Begin your copy at the line that holds "For iPhone 15" and carry it through the final line of the data, writing out each line exactly and omitting pictures.

- - - - -

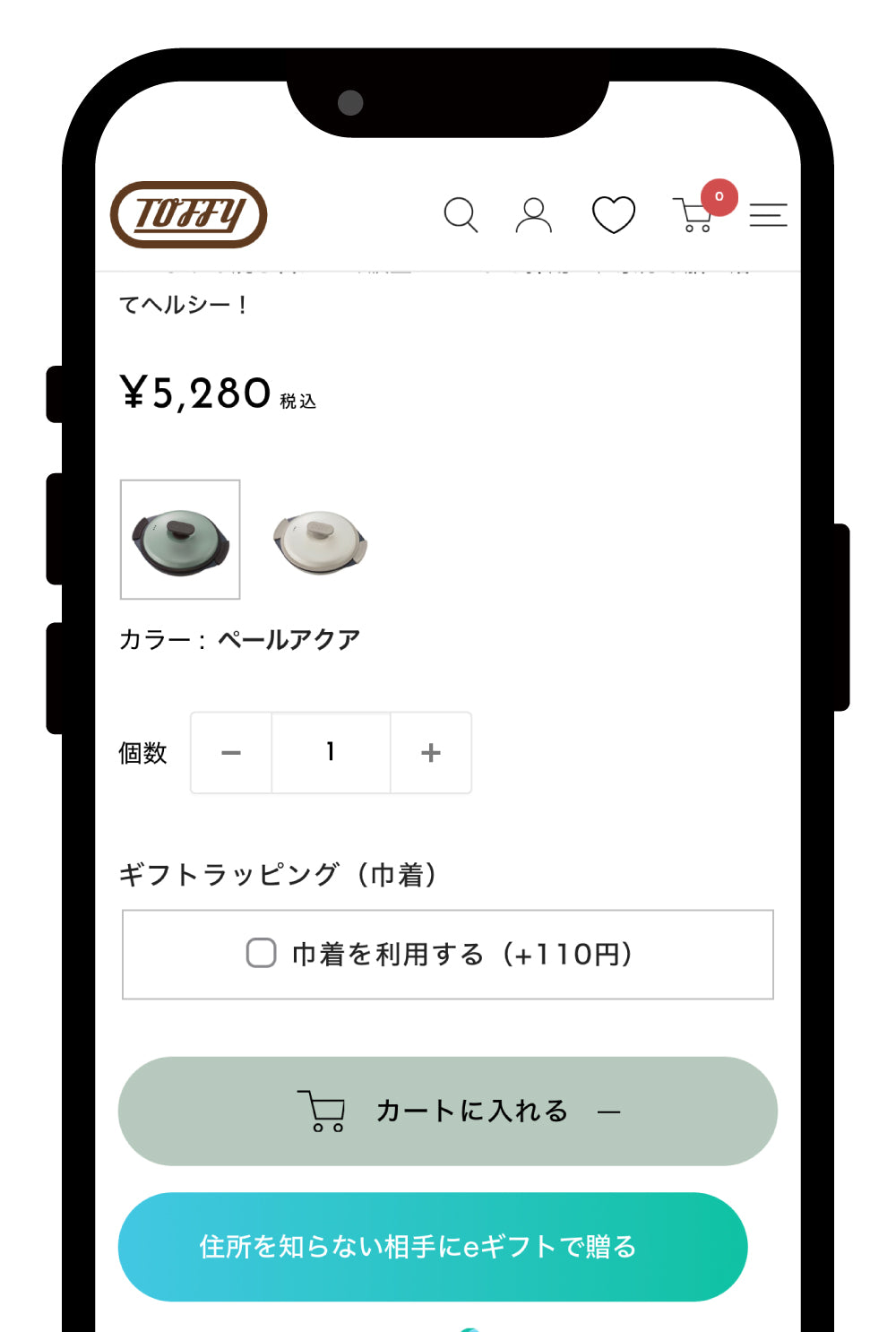 商品をカートに入れ、カート画面から「eギフトで贈る」を選択してください。
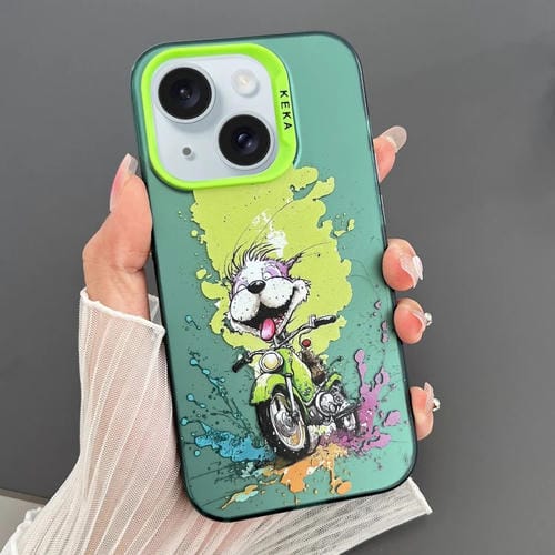 For iPhone 15 Plus Phone Case IMD Animal Graffiti TPU+PC Double-sided (Motorcycle Dog)
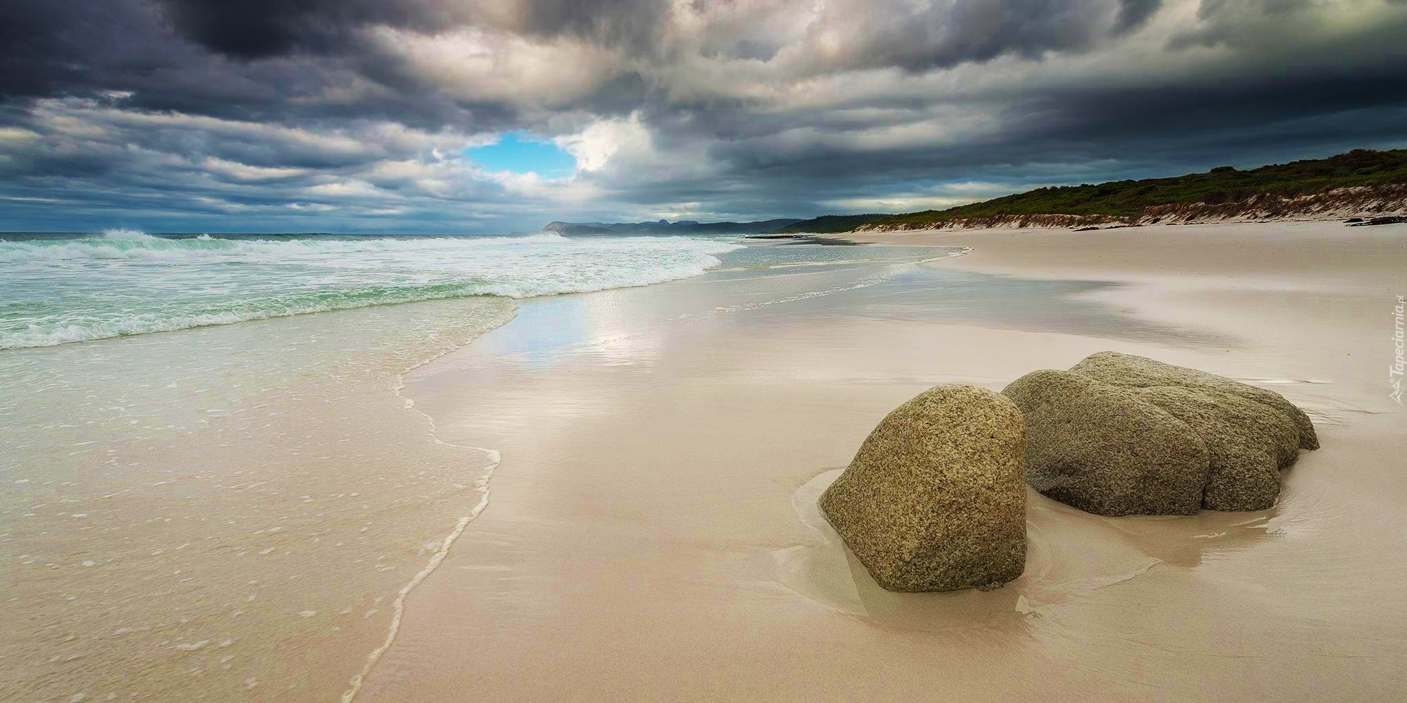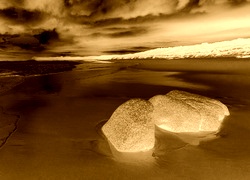 Edytor tapety: Morze, Piasek, Kamienie, Niebo
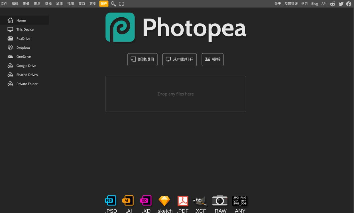 Photopea堪称超强大的在线 PS,由捷克开发者 Ivan Kutskir 打造。它在浏览器中实现了 PS 最常用的核心功能,响应速度快,操作界面与 Photoshop 相似,无需下载安装。无论是简单图片处理、基础修图,还是高级滤镜、脚本操作,Photopea 都能轻松应对。
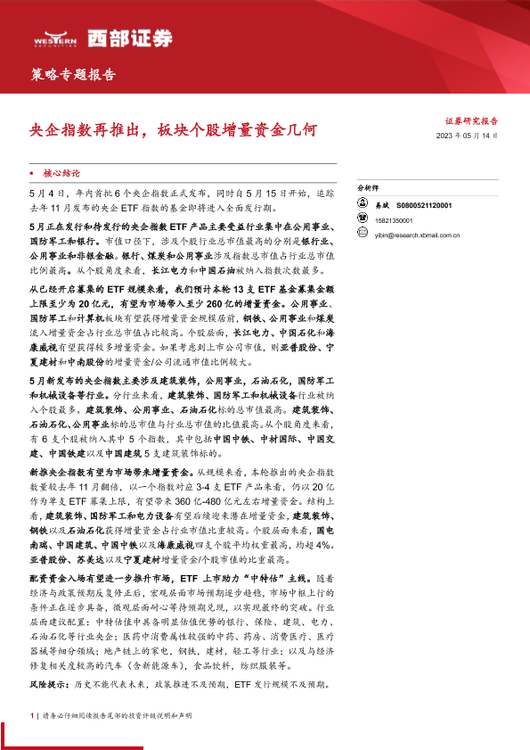 【西部证券】【20230514】策略专题报告:央企指数再推出,板块个股增量资金几何-20页
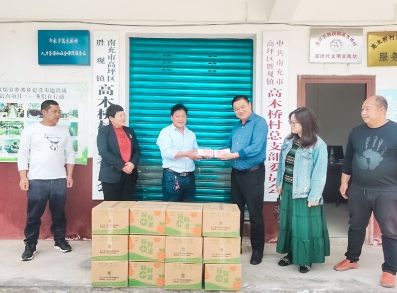 4月19日,民建南充市委副主委、华中建设集团、南充花好农业董事长张宏标为高坪区胜观镇高木桥村捐赠现金2万,捐赠橘子20件。

- - - - -

**Task solution:**
 For iPhone 15 Plus Phone Case IMD Animal Graffiti TPU+PC Double-sided (Motorcycle Dog)
 Edytor tapety: Morze, Piasek, Kamienie, Niebo
 Photopea堪称超强大的在线 PS,由捷克开发者 Ivan Kutskir 打造。它在浏览器中实现了 PS 最常用的核心功能,响应速度快,操作界面与 Photoshop 相似,无需下载安装。无论是简单图片处理、基础修图,还是高级滤镜、脚本操作,Photopea 都能轻松应对。
 【西部证券】【20230514】策略专题报告:央企指数再推出,板块个股增量资金几何-20页
 4月19日,民建南充市委副主委、华中建设集团、南充花好农业董事长张宏标为高坪区胜观镇高木桥村捐赠现金2万,捐赠橘子20件。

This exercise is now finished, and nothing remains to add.